Required action =>
An exact copy of the lines, starting at the top of the listing and ending with the line that has "Renk: Beyaz tüyler, turuncu gaga ve ayaklar.", is the required answer. Pictures are not part of it.

Provided entries =>
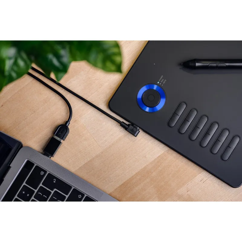 Adapter allows to connect Veikk graphic tablets (or other devices such as mouse, keyboard, flash drive, portable drive, charger) to laptops, tablets and smartphones (supporting OTG technology) equipped with USB-C input.
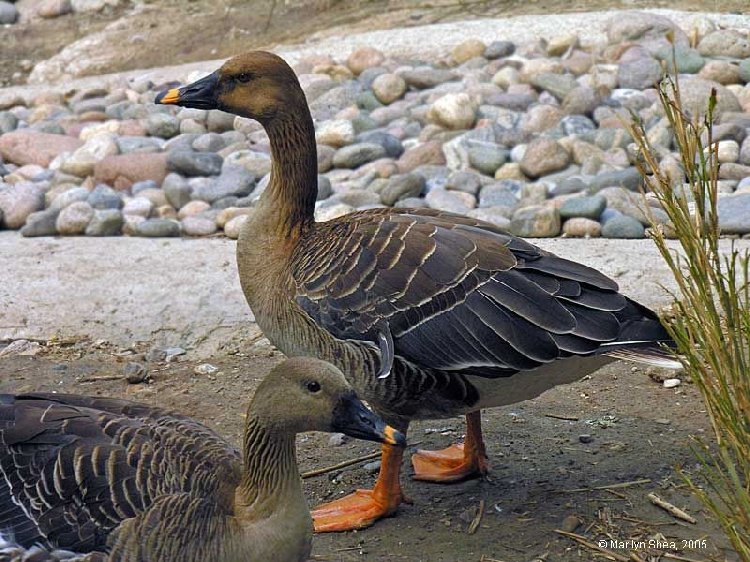 Renk: Beyaz tüyler, turuncu gaga ve ayaklar.
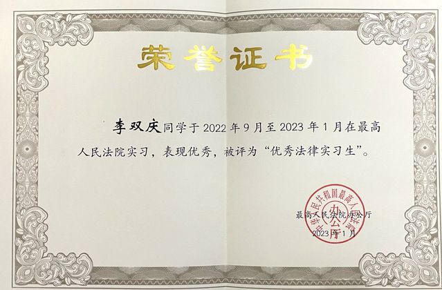 2023年1月,最高人民法院第十一批法律实习生项目圆满结束,经各实习单位评审、推荐,我校法学院诉讼法专业2021级硕士研究生李双庆荣获由最高人民法院办公厅、政治部、机关党委组织评选的“优秀法律实习生”荣誉称号。据悉本批来自全国法律院校实习生共遴选出70,实习期为2022年9月至2023年1月,为期四个月。
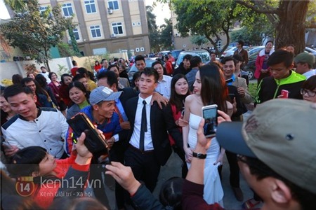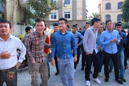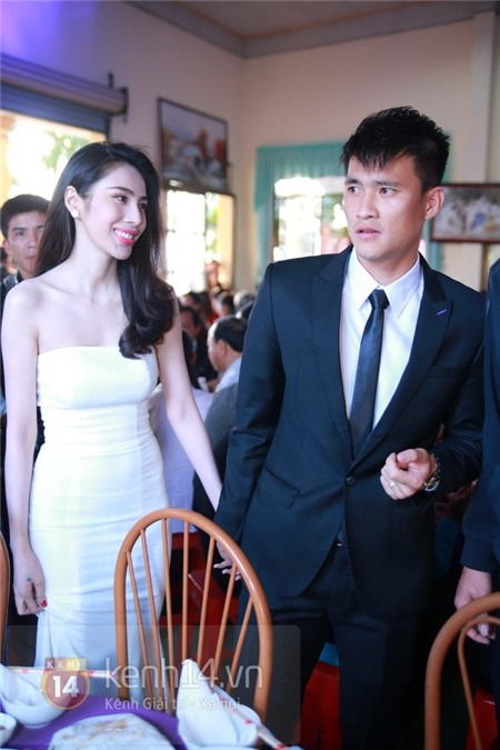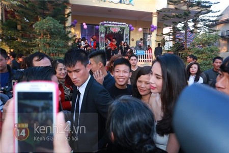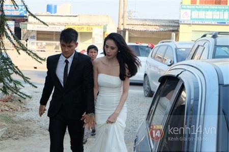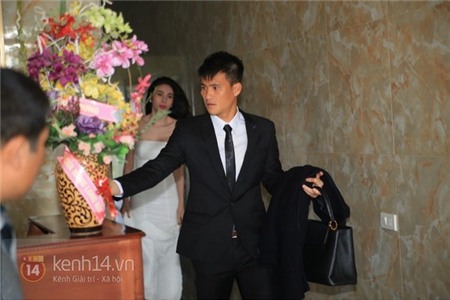 15h00: Khánh Chi khệ nệ bụng bầu cùng chồng vui vẻ đến ngày vui của anh trai. Cầu thủ Văn Quyến cũng có mặt trong những khách mời đến tham dự. Anh diện trang phục khá đơn giản.
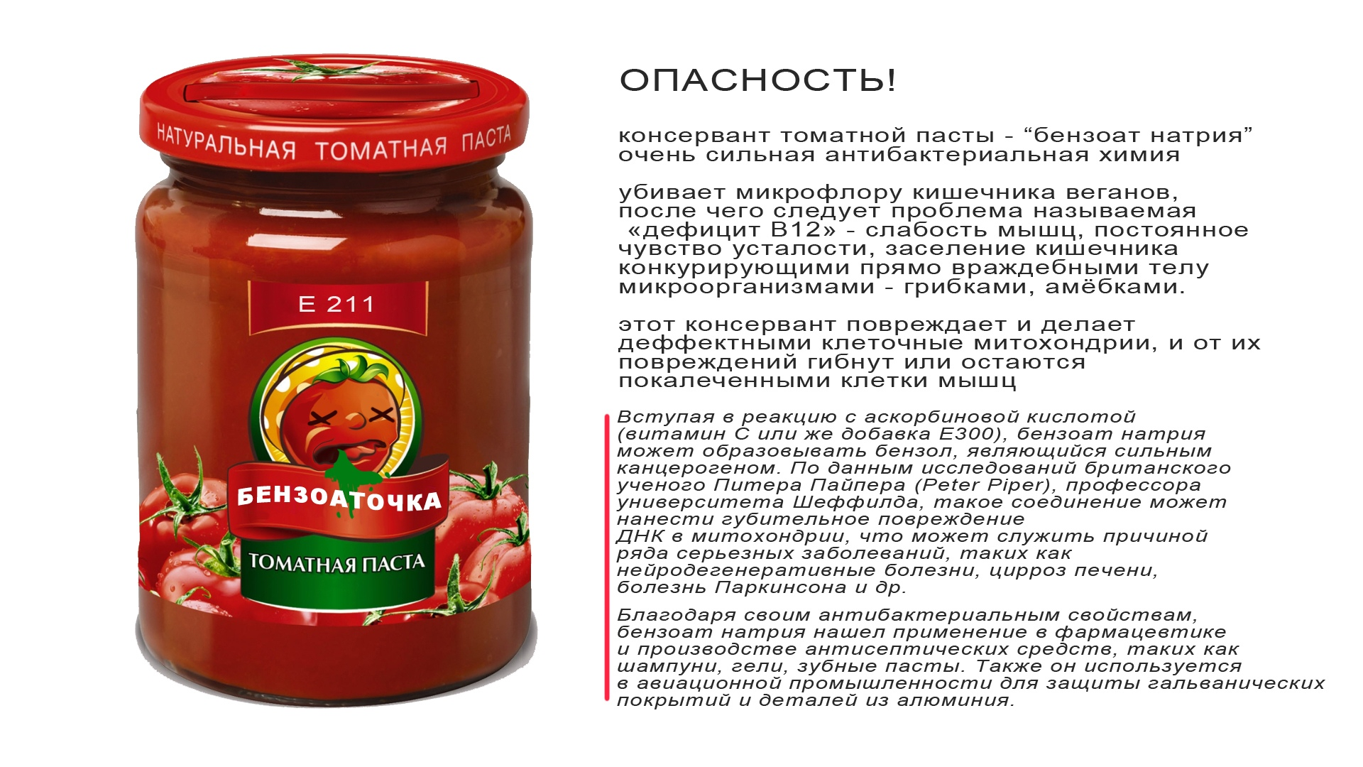 Бензонат натрия, который любят с поводом и без совать во все, что угодно, в взаимодействии с аскорбиновой кислотой, которую тоже суют везде, надо-не надо, образовывает бензол, который вызывает опухоли.
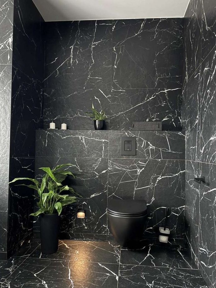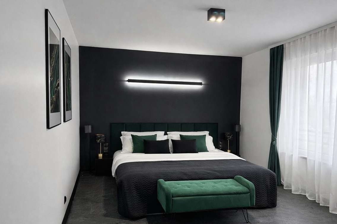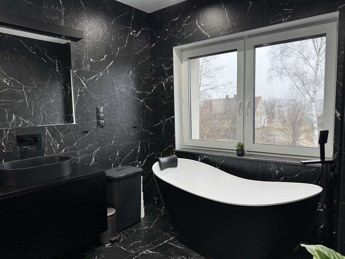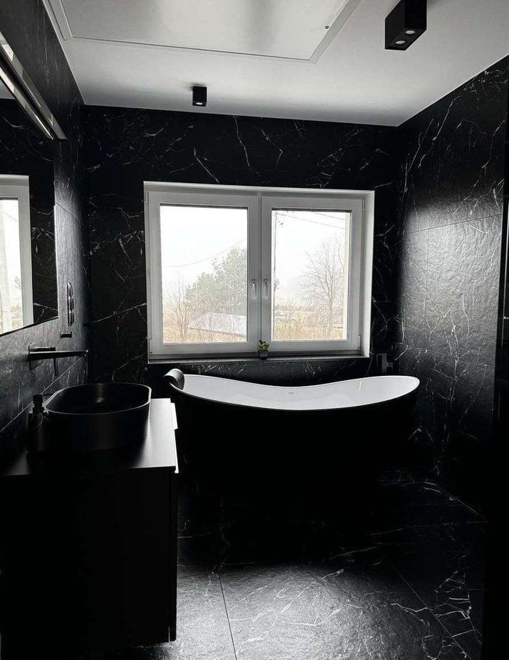 Na piętrze znajduje się także elegancka sypialnia i wyjątkowa łazienka z wolnostojącą wanną. Czarna ceramika i wysmakowane wykończenia sprawiają, że ta przestrzeń jest nie tylko praktyczna, ale i niezwykle luksusowa.
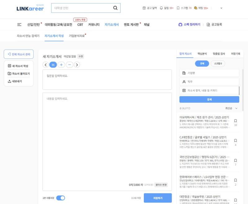이 기능은 특히 자소서 초안을 잡을 때 유용합니다.
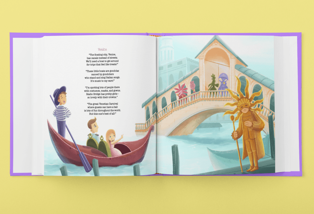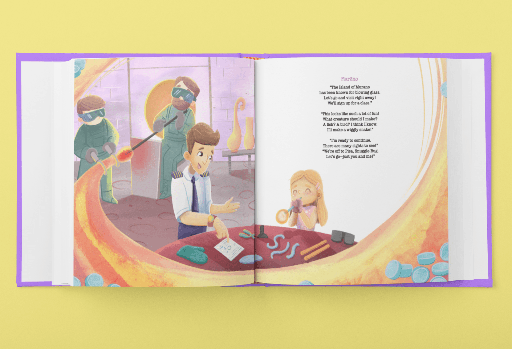 In this first book of the series, Skye and her dad, Captain Keith, fly their dream plane to Italy. They enjoy a gondola ride in Venice, discover the incredible Colosseum in Rome, taste the famous pizza of Naples, climb an active volcano in Sicily, and so much more!
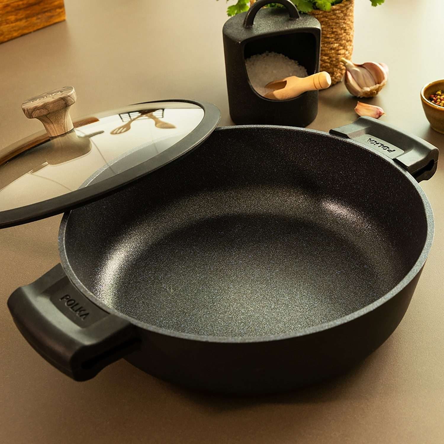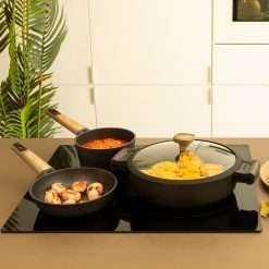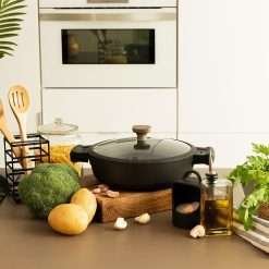 Olla baja de 28 cm de aluminio FUNDIDO de alta calidad, cuenta con 6 capas y revestimiento de máxima antiadherencia Teflon™ Nonstick Coating, libre de PFOA, con fondo difusor de calor Full Induction, aptas para lavavajillas y para todo tipo de cocinas incluida la de inducción.
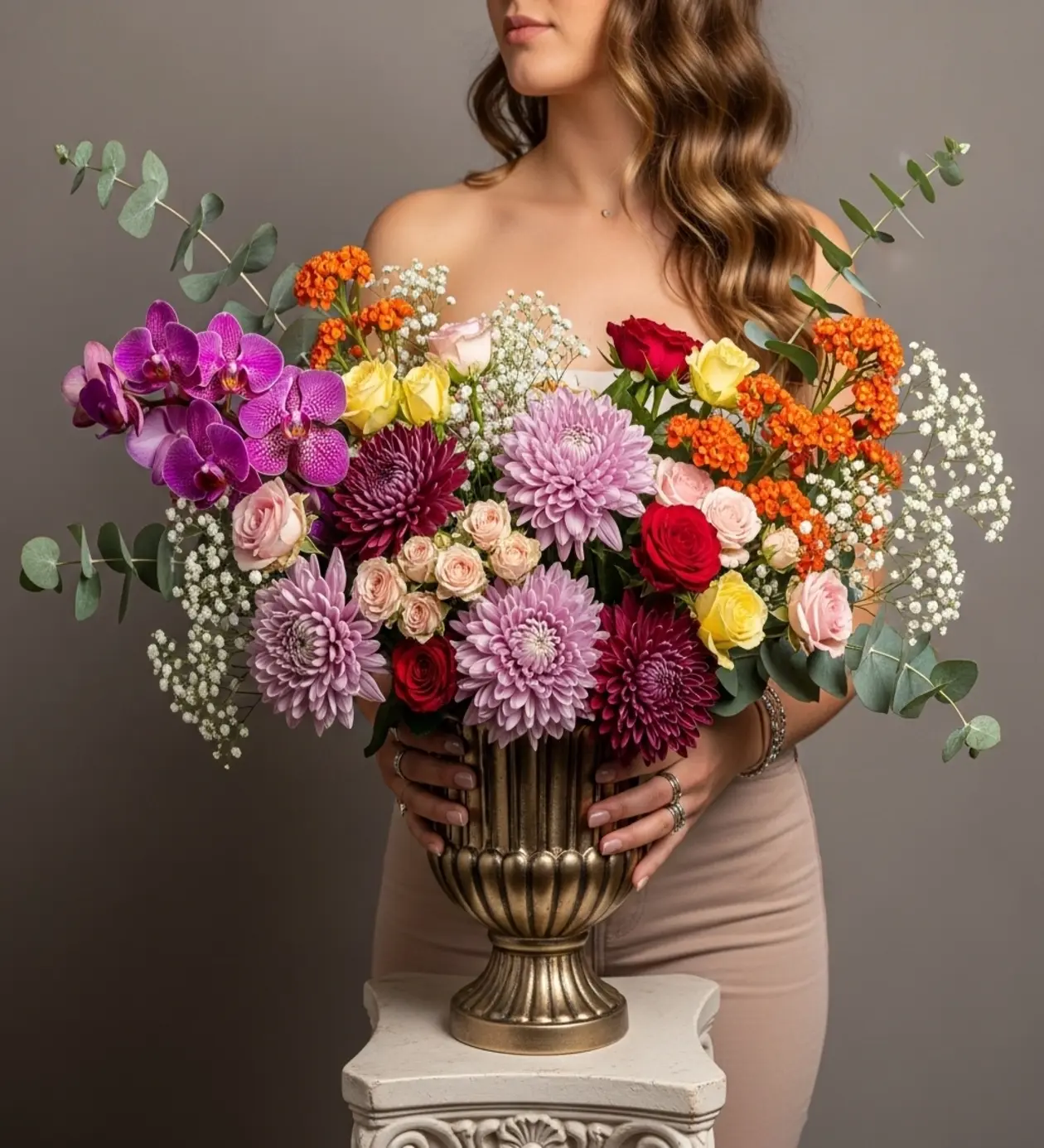 Mor orkidenin asil duruşu, bordo ve lila kasımpatının zarif dokusu ve güllerin romantik diliyle hazırlanmış bu tasarım; özel günlerde seçkin ve unutulmaz bir hediye vermek isteyenler için mükemmel bir tercihtir.

Result for this exercise =>
 Adapter allows to connect Veikk graphic tablets (or other devices such as mouse, keyboard, flash drive, portable drive, charger) to laptops, tablets and smartphones (supporting OTG technology) equipped with USB-C input.
 Renk: Beyaz tüyler, turuncu gaga ve ayaklar.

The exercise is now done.